* Task requirements
The copy you give must match the lines from the top of the data through the line containing "Pantaloni harem in" exactly, and it must hold no pictures.

* Data shown
###

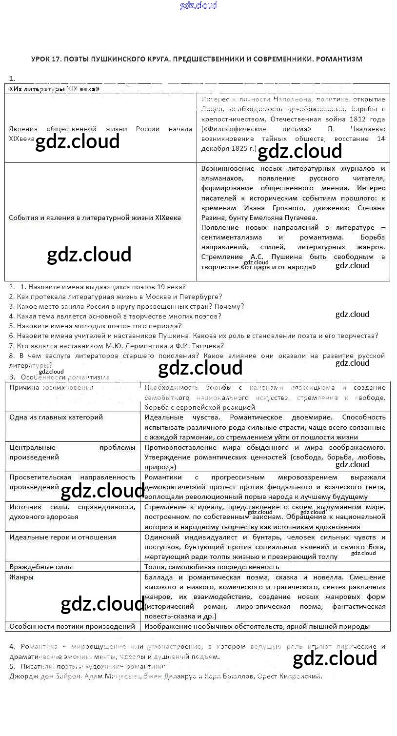 Ответ на задание 17 Рабочая тетрадь Литература за 8 (восьмой) класс Соловьева Инновационная школа 2016 ФГОС онлайн и без номера телефона.
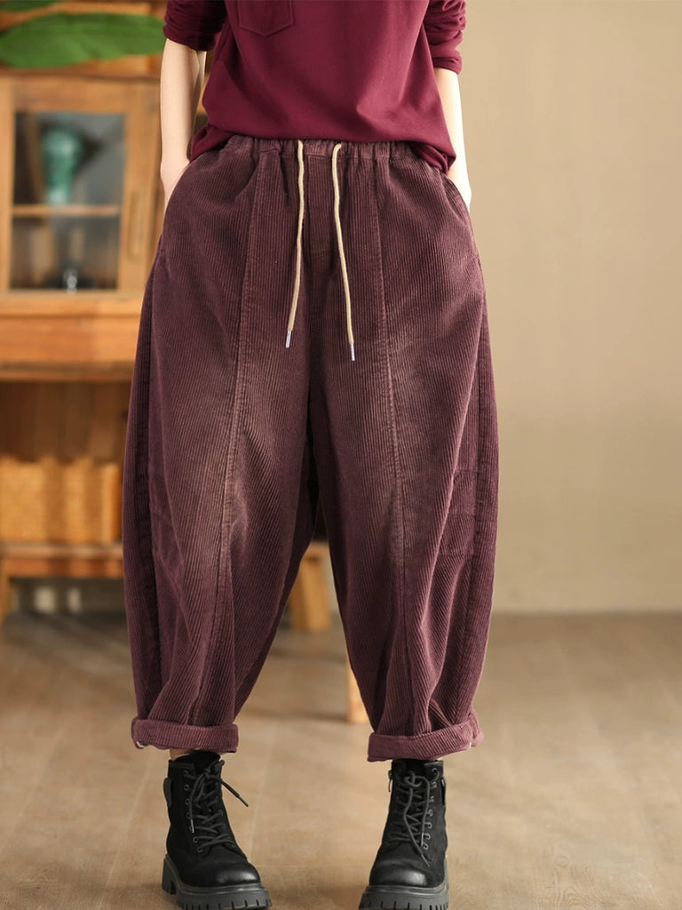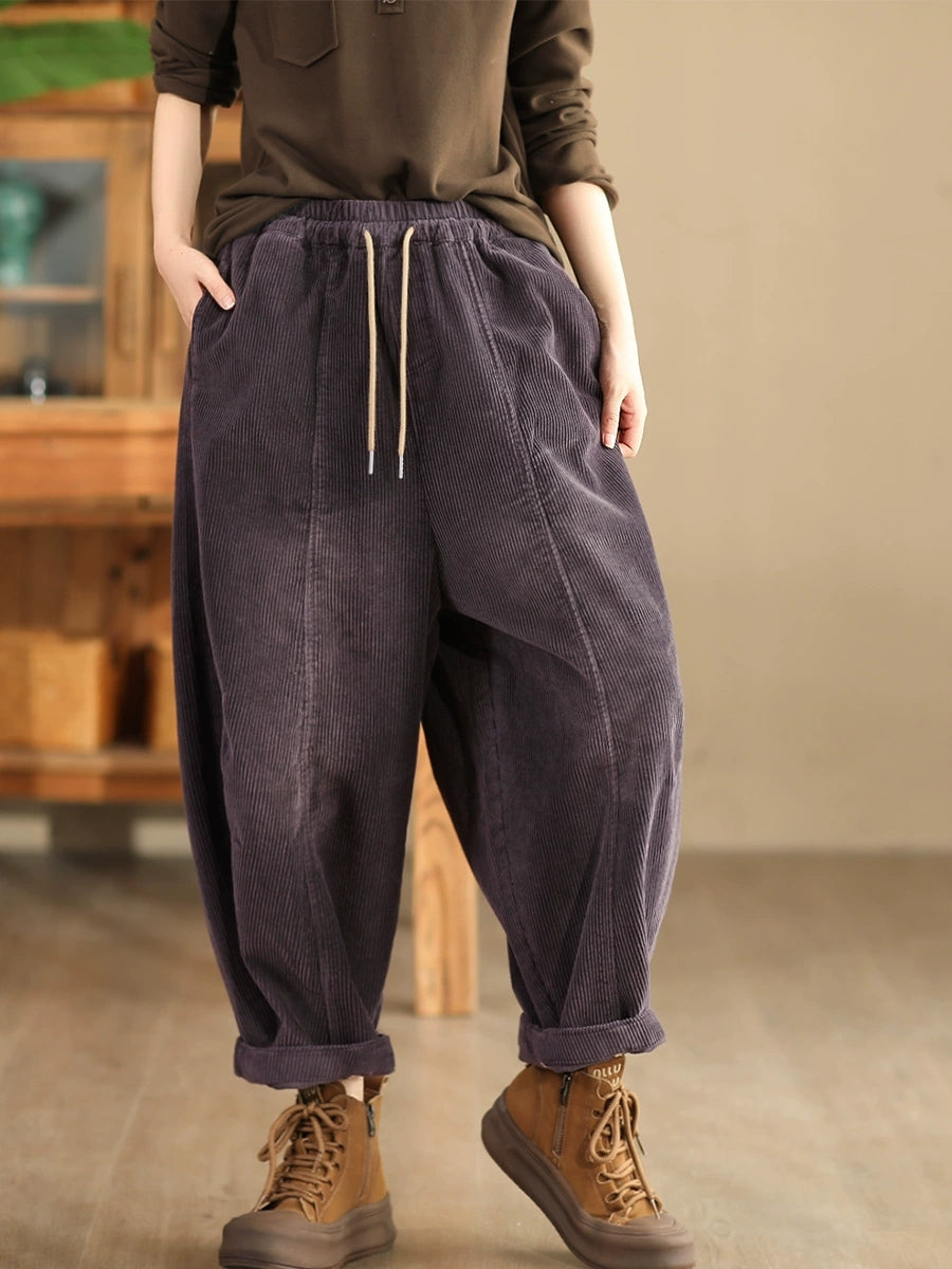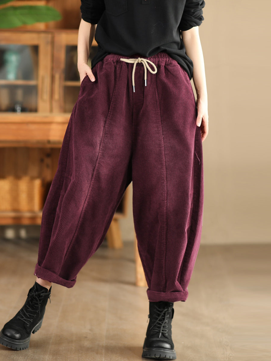 Pantaloni harem in velluto a coste color puro retrò autunnali da donna
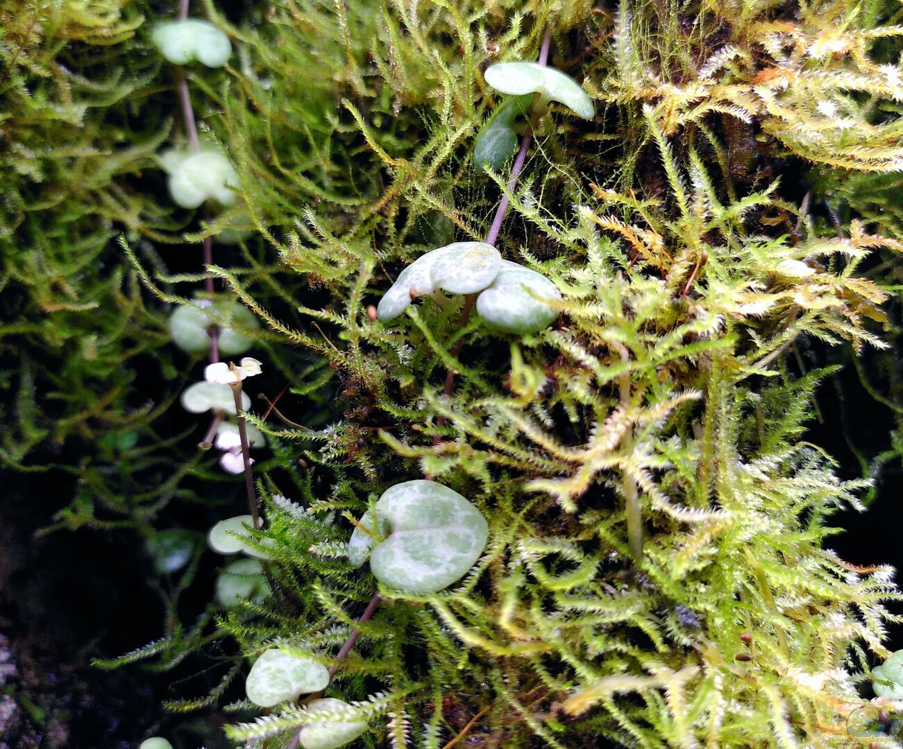 Submers: Anubia sp. Emers: Anubia sp., Ficus pumila, Grünlilien, div. Moose, Ceropegia woodii
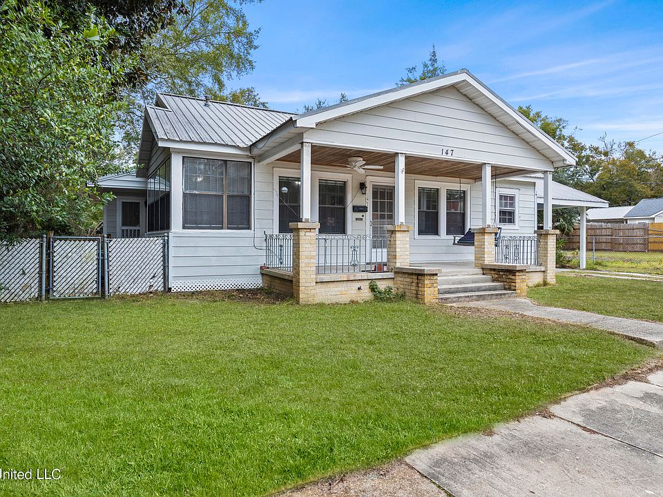 Endless opportunities await you in this charming beach cottage just 1 block to the sandy beaches and less than 5 minutes to the casino's and Keesler Air Force Base. This home features some original hardwood flooring, galley style kitchen , office nook and a beautiful spacious front porch. Carport, detached shed and fenced yard. Come add your personal touches and make this your next beach bungalow! Schedule your showing today. (note: chandelier in Living room does not stay)
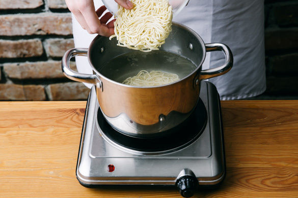 Die Nudeln in das kochende Wasser geben und in 3–5Min. bissfest kochen. In ein Sieb abgießen, kalt abschrecken und abtropfen lassen, dann zurück in den Topf geben und warm halten.
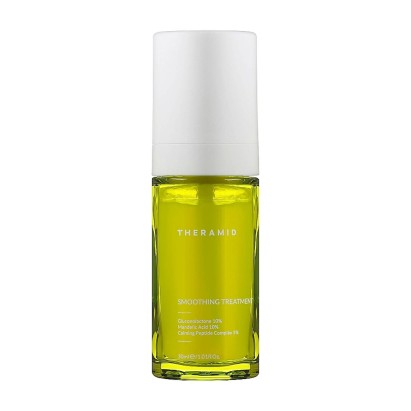 Сироватка Theramid Smoothing Treatment Anti-Aging Serum with Mild Acids for Even Radiance розроблена для м'якого оновлення шкіри, покращення її текстури та вирівнювання тону. Цей засіб ідеально підходить для тьмяної, нерівної, зрілої шкіри, а також для тих, хто стикається з пігментацією, розширеними порами та першими ознаками старіння. Завдяки ретельно збалансованій формулі з м'якими кислотами та пептидами, сироватка забезпечує делікатне відлущування, не порушуючи бар'єрну функцію шкіри. До складу входять мигдальна кислота та глюконолактон, які стимулюють оновлення клітин та покращують мікрорельєф, а також пептидний комплекс, що сприяє відновленню та заспокоєнню шкіри. Формула підтримує оптимальний рівень зволоженості та допомагає відновити захисні функції шкіри.
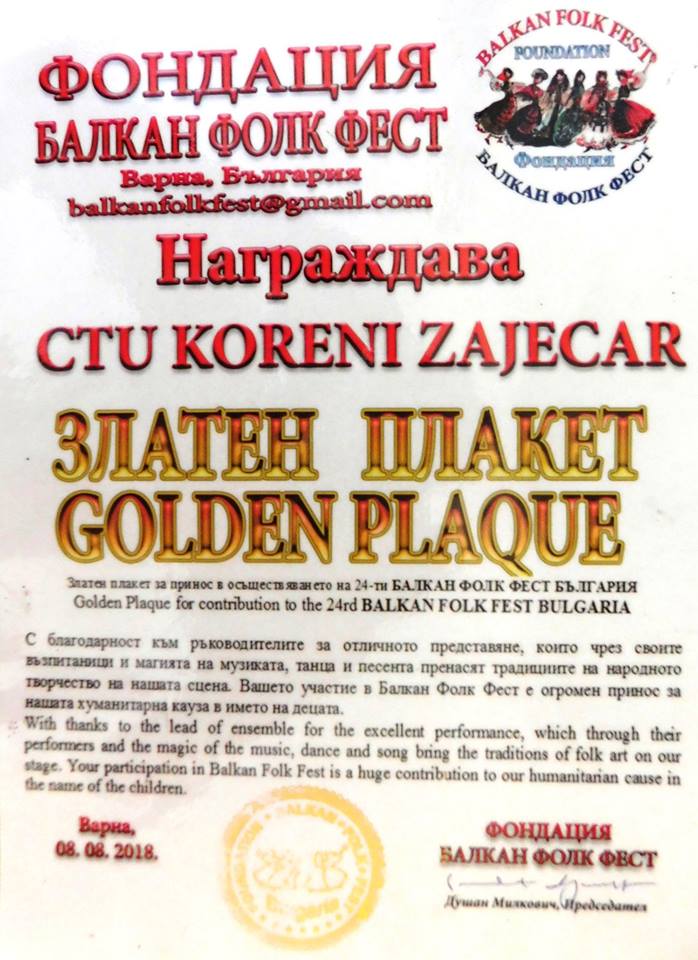 Za dostojnu prezentaciju tradicionalnog kulturog nasleđa Srbije na 24. Međunarodnom festivalu folklora “Balkanfolklor” u Varni, Fodacija BALKAN FOLK FEST dodelila je Centru za tradicionalne umetnosti “Koreni” iz Zaječara ZLATNU PLAKETU.
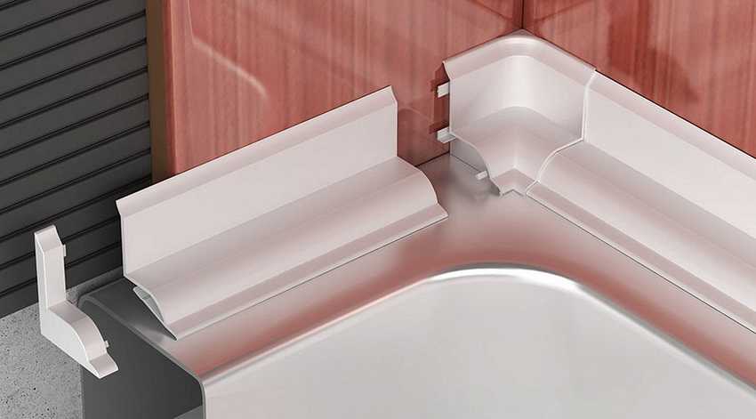 Далее – плинтус для ванны двухсоставной. По своей сути, он такой же, как пластиковый молдинг для столешниц: сначала устанавливается монтажная рейка, на которую затем крепится внешняя часть. Минусы этот багет имеет те же самые, что описаны выше, для односоставных профилей.
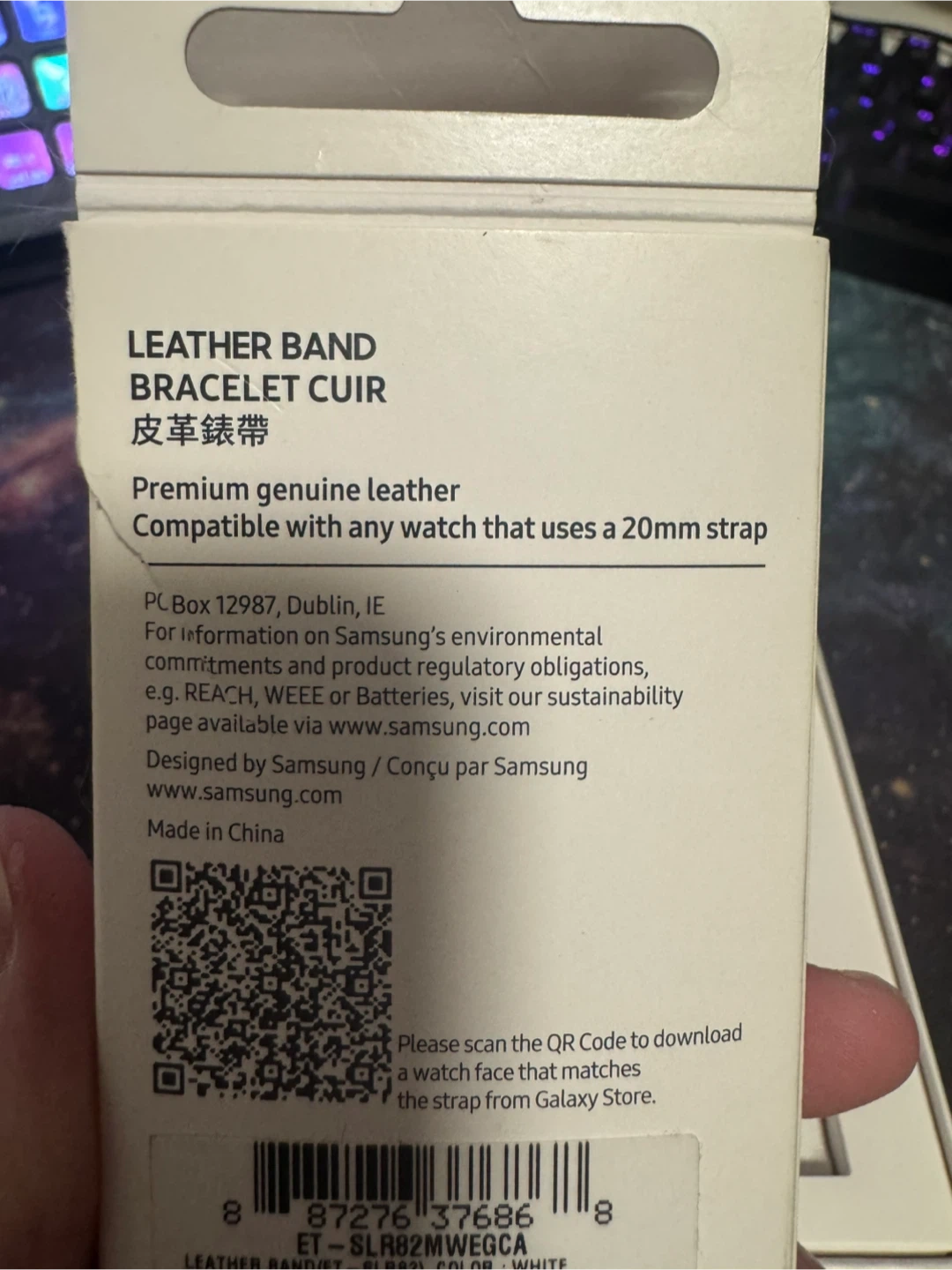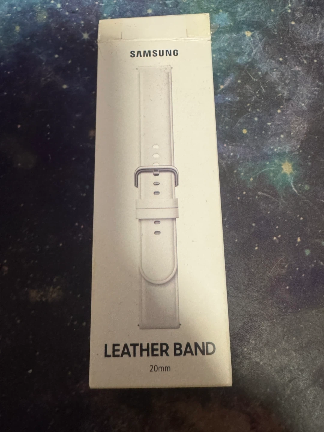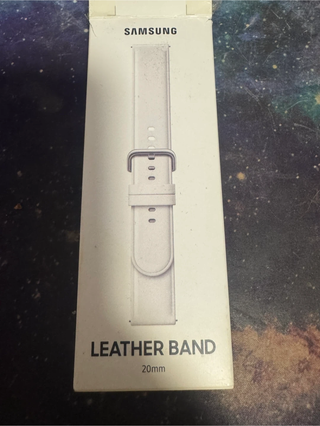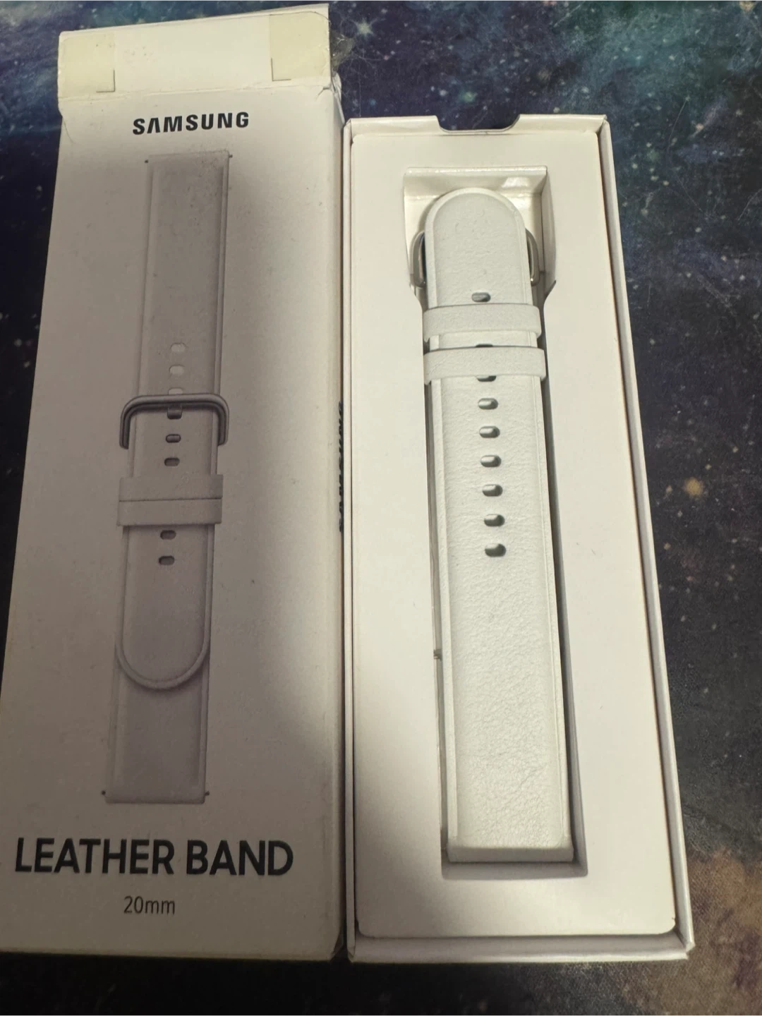 Selling a brand new Samsung leather band for your smartwatch! It's a 20mm white leather band. Compatible with any watch that uses a 20mm strap. Comes in the original box!
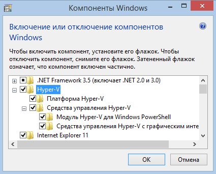 В открывшемся окне находим пункт Hyper-V. Кроме самой платформы Hyper-V сюда входят средства для ее управления — графическая оснастка Hyper-V Manager и модуль Hyper-V для PowerShell. Раскрываем его, отмечаем все необходимые компоненты и жмем OK.
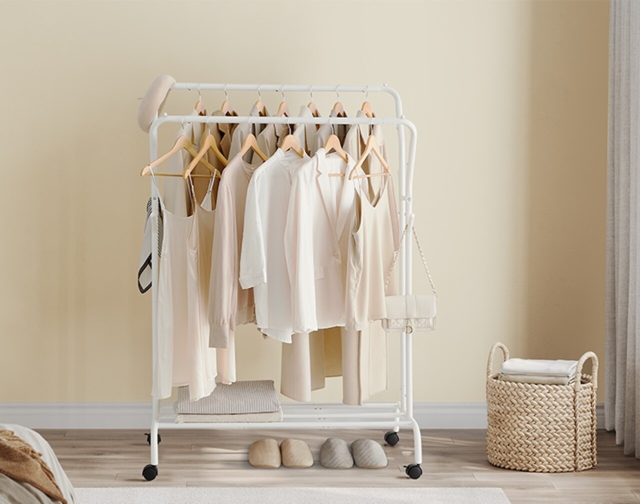 Depozitare versatila - Cu o sina inalta si una joasa pentru agatarea hainelor de diferite lungimi, carlige pe ambele parti pentru genti si palarii si un raft inferior pentru cutii si pantofi, acest suport de haine va pastreaza toate lucrurile esentiale intr-un singur loc.

###

* Written answer
 Ответ на задание 17 Рабочая тетрадь Литература за 8 (восьмой) класс Соловьева Инновационная школа 2016 ФГОС онлайн и без номера телефона.
 Pantaloni harem in velluto a coste color puro retrò autunnali da donna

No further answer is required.